## EXERCISE GOAL:
From the line with "Morando Tradizioni It" to the line with "M1 Cloud Connect", output every line below exactly, both ends included. Skip the pictures.

## RECORDED INFORMATION:
════
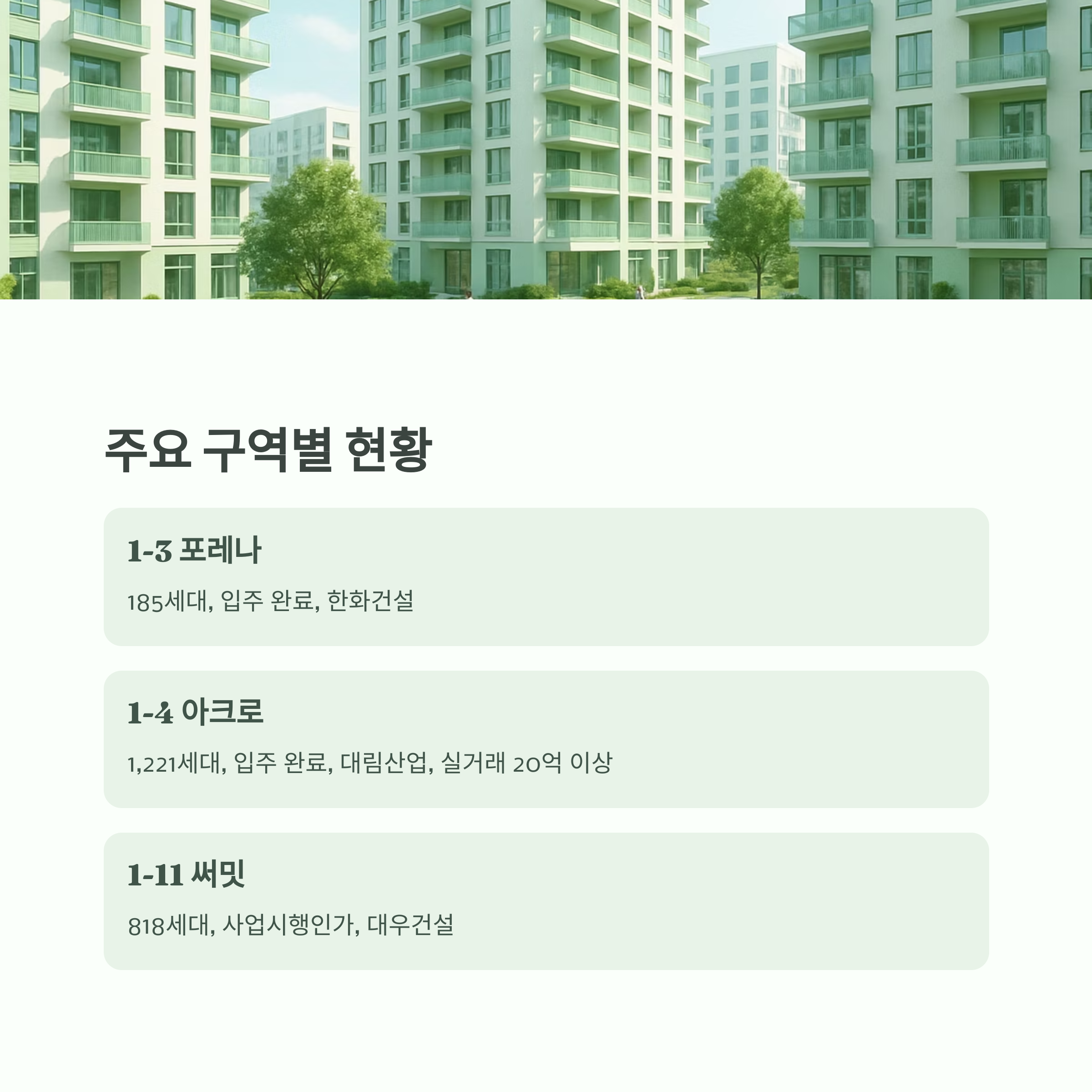 - 1-11 써밋: 2024년 기준 사업시행인가 완료, 향후 대장 예상
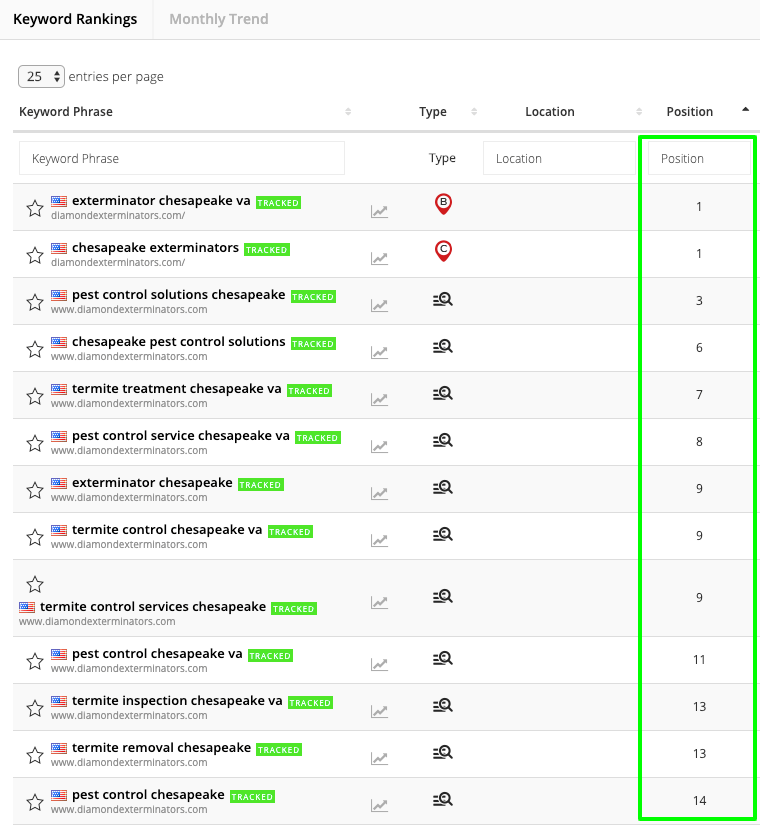 With over 20 years of experience, Diamond Exterminators has built a reputation for reliable customer service and quality pest control and home repair work in Hampton Roads. In May 2019, Diamond Exterminators partnered with Green Stick Marketing with the goal to capture the local market and convert qualified leads through organic search. Our solution for them, Local SEO.
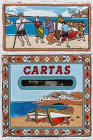 Een uitermate kleurrijk gedecoreerde brievenbus met afbeeldingen van kleine vissersbootjes aan de kust en de handeling om ze collectief uit het water te slepen op het Spaans Canarische eiland Fuerteventura.
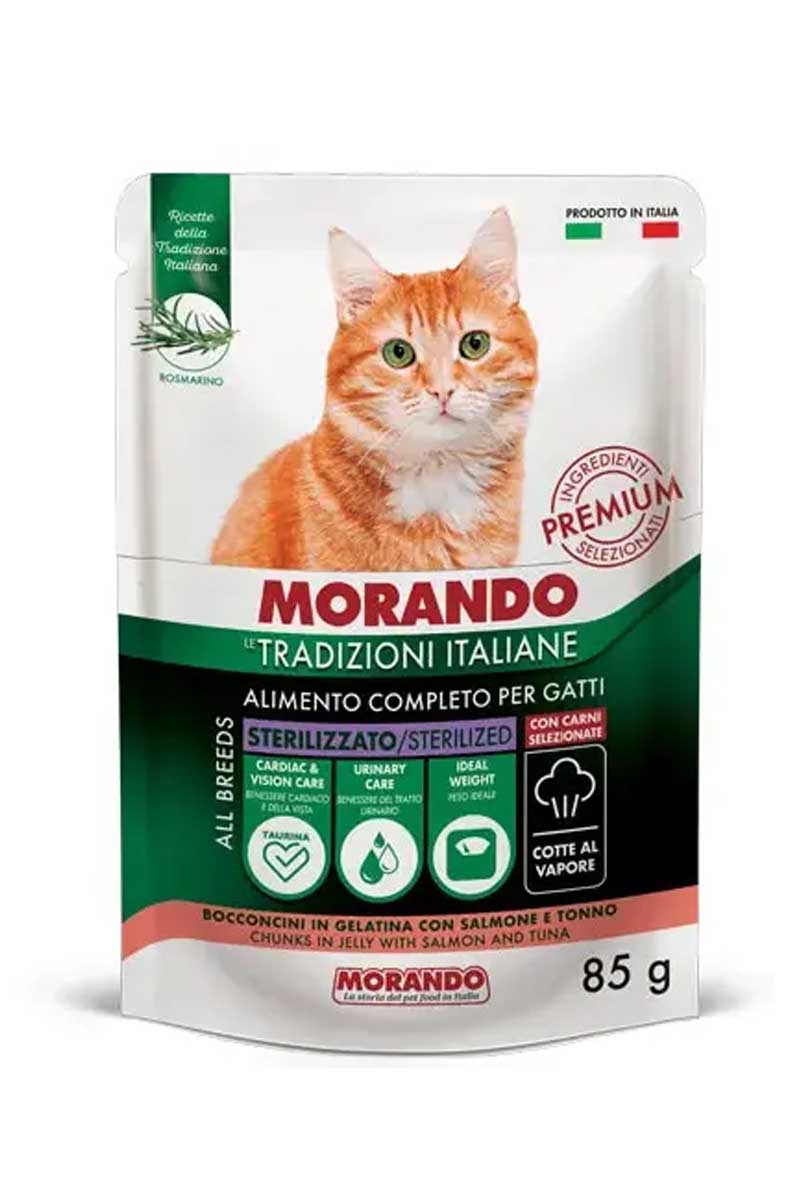 Morando Tradizioni It Sterilized Кусочки в желе (Лосось и тунец) — изысканное питание в виде кусочков в желе, приготовленных на пару с добавлением аппетитных овощей. Разработан специально для взрослых стерилизованных кошек, чтобы обеспечить идеальный баланс вкуса и здоровья.
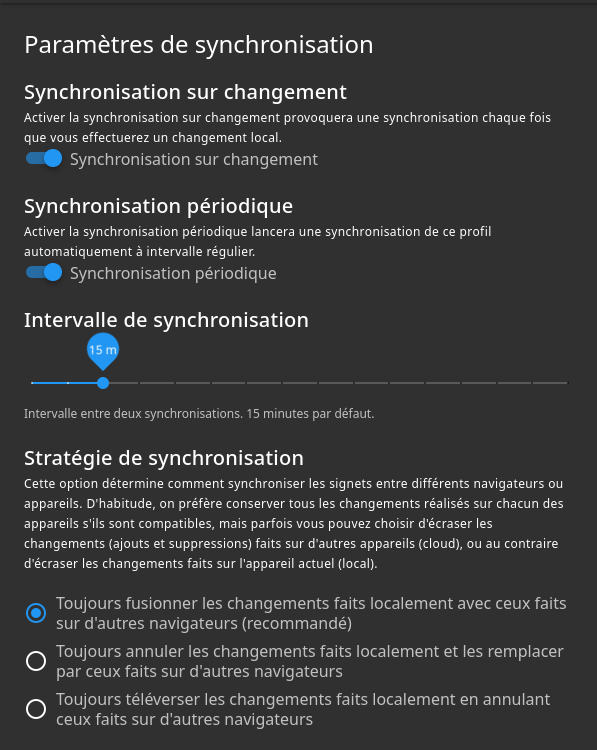 En mode fusion, les modifications de votre navigateur local sont fusionnées avec les modifications des autres navigateurs.
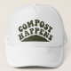 Compost Happens - garden humor cap in distressed green-brown lettering. Choice of hat colors.
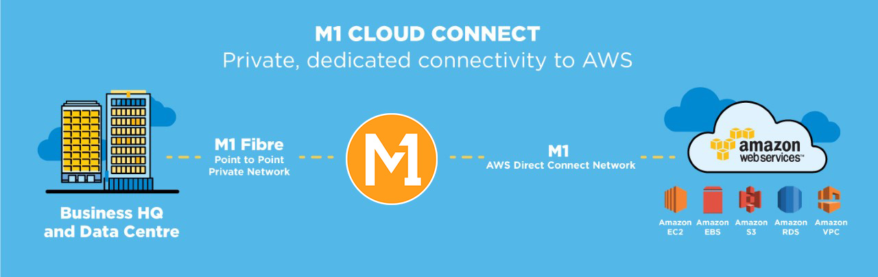 M1 Cloud Connect helps you establish a private, dedicated network between Amazon Web Services (AWS) and your data centre, office or co-location environment. This allows you to enjoy the benefits of a scalable public cloud infrastructure directly with our secure and reliable fibre network.
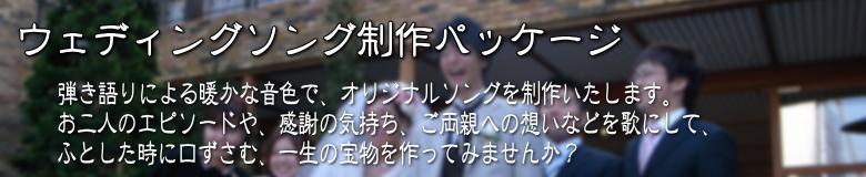 ■仕上がり例 共通点 (歌詞) ■楽曲制作の流れ @メールによる打ち合わせ 【楽曲制作受付フォーム】より必要事項をご入力の上、ご送信ください。 お見積もりも無料で致します。 お客様のイメージする歌詞や曲調を伺い、それを基に作詞・作曲をします。 歌詞は日記調、箇条書きなどで構いませんので、可能な限り詳しくお伝えください。 曲のイメージは明るい感じ・落ち着いた感じ・アップテンポ・スローテンポなどでお伝えください。 文章で伝えにくい場合や、お急ぎの方は電話でのご相談も承ります。 演奏は基本的にギターでの弾き語りになります。 A制作開始 始めに、いただいたイメージからデモソングを制作いたします。 デモソングを確認していただき、お客様のイメージとかけ離れているようでしたら、 メールでやりとりしながらデモを作り直します。 制作完了までの期間につきましては基本的には歌詞のもとになるものをいただいてから1ヶ月以内となります。 デモソングの試聴&修正は10回までとさせていただきます。 B完成・納品 CD-Rもしくはメールに添付して納品いたします。 メールでの納品の方は、PCのメールアドレスをご用意ください。 C郵便・銀行振り込み(後払い制) 納品後、当方の口座にお振込ください。 口座番号は制作完了後にお知らせいたします。振込時の手数料はご負担ください。 基本的にインターネットでのやり取りになりますので、 トラブルを避けるため、またお客様の安心のために後払い方式で制作させていただいております。 ![]() ●Q:どんなことを歌詞にしたらいいの? ●A:結婚式ソングの場合の例 ○お相手に対する手紙。 ○お二人の馴れ初め。どうやって知り合い、どのようにして付き合うようになったのか。 ○お二人の中で印象に残った出来事。またその中でも特に印象に残った出来事。 ○お相手に対しての気持ちや想い。(例:幸せだよ 愛してるよなど) ○これからどうなったら素敵だなとおもうのか。 ○どんなケンカをして、どうやって仲直りしたのか。 ○お二人で行った特別な場所はどこで、どんな思い出があるのか。 ○お相手に出逢う前の自分はどのような感じで、出逢ってから自分はどう変わったのか ○親御様への想いでも構いません (これらを書いて、そのままご依頼フォームに送信してくださっても構いません) ■追加サービス一覧
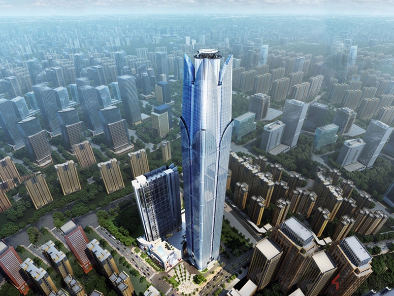 龍光世紀(jì)項(xiàng)目建設(shè)內(nèi)容為建設(shè)一棟82層(381米)的超高層酒店辦公大樓和一棟54層(180米)超高層公寓式辦公大樓。規(guī)劃總用地面積約22669.62平方米,總建筑面積為392,091平方米。兩棟大樓之間有三層裙樓和四層裙樓相連,裙樓主要功能為商業(yè),塔樓作為酒店辦公及公寓式辦公使用。用地功能為城鎮(zhèn)住宅、商務(wù)金融。在北側(cè)綠化廣場局部設(shè)置中央水景,裙樓局部樓頂設(shè)置綠化空間及游泳池。設(shè)置四層地下停車等。預(yù)計2017年初步建成運(yùn)營。
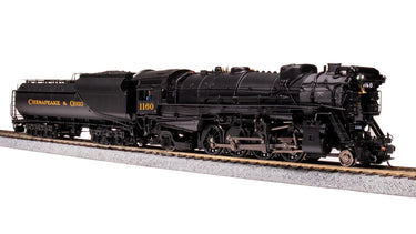 This HO Scale Class Class K-2 2-8-2 Mikado from Broadway Limited is based on Chesapeake & Ohio's 150 2-8-2s - classes K-2, K-3, and K-3a. All the K-2s and K-3s were built by Alco-Richmond. The primary feature differentiating the K-2s and K-3s was the booster. The K-2s had a booster, and although considered a "light Mikado," they could exert 10% more tractive effort than the booster-less K-3s. The C&O used its Mikados for almost any job, and they were considered the mainstay of C&O power for twenty years. They could be found on manifest freights, local freights, coal trains, work trains, and occasionally passenger trains. They were the dominant power on C&O's James River Line and also the Chicago Line in Indiana.
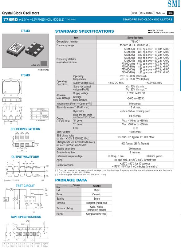 77SMO(A): ±100 ppm over -20゜C to +70゜C 77SMO(B): ±50 ppm over -20゜C to +70゜C 77SMO(C): ±30 ppm over -20゜C to +70゜C 77SMO(D): ±25 ppm over -20゜C to +70゜C 77SMO(E): ±20 ppm over -20゜C to +70゜C 77SMO(AW): ±100 ppm over -40゜C to +85゜C 77SMO(BW): ±50 ppm over -40゜C to +85゜C 77SMO(CW): ±30 ppm over -40゜C to +85゜C 77SMO(DW): ±25 ppm over -40゜C to +85゜C |
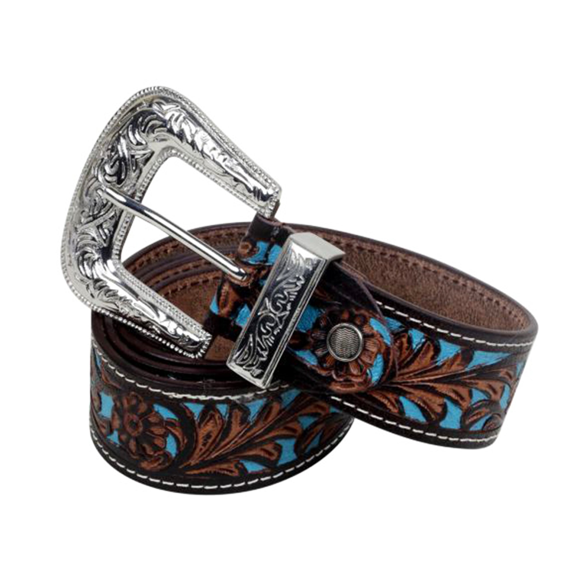 Myra Bags Women's Brown Turquoise Inlay Floral Belt
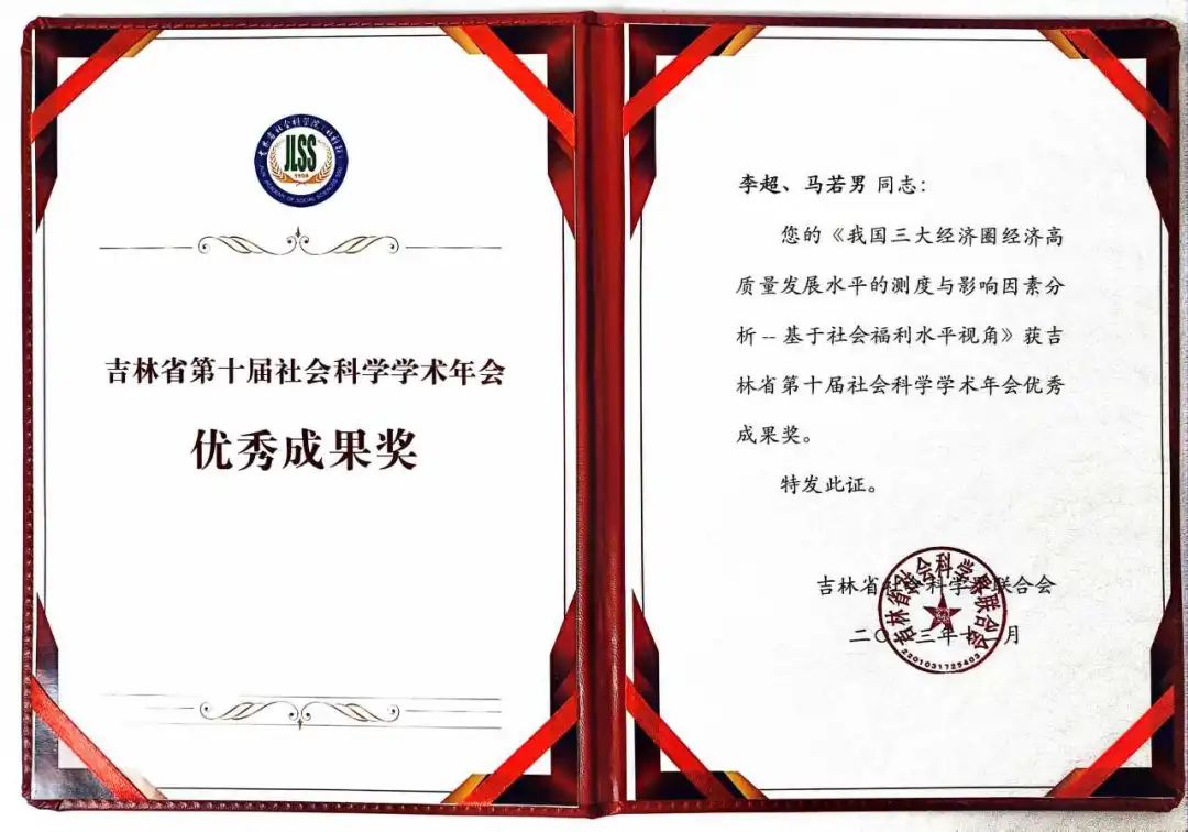会议对全省一年来各级、各类学术活动工作进行了全面回顾总结,并对全省社科联系统先进单位、个人和年会优秀学术成果、优秀组织单位进行表彰。经济与管理学院教师李超、马若男的论文《我国三大经济圈经济高质量发展水平的测度与影响因素分析——基于社会福利水平视角》获得吉林省第十届社会科学学术年会优秀成果奖。(通讯员:王美怡)
════
## REPLY TO THE TASK:
 Morando Tradizioni It Sterilized Кусочки в желе (Лосось и тунец) — изысканное питание в виде кусочков в желе, приготовленных на пару с добавлением аппетитных овощей. Разработан специально для взрослых стерилизованных кошек, чтобы обеспечить идеальный баланс вкуса и здоровья.
 En mode fusion, les modifications de votre navigateur local sont fusionnées avec les modifications des autres navigateurs.
 Compost Happens - garden humor cap in distressed green-brown lettering. Choice of hat colors.
 M1 Cloud Connect helps you establish a private, dedicated network between Amazon Web Services (AWS) and your data centre, office or co-location environment. This allows you to enjoy the benefits of a scalable public cloud infrastructure directly with our secure and reliable fibre network.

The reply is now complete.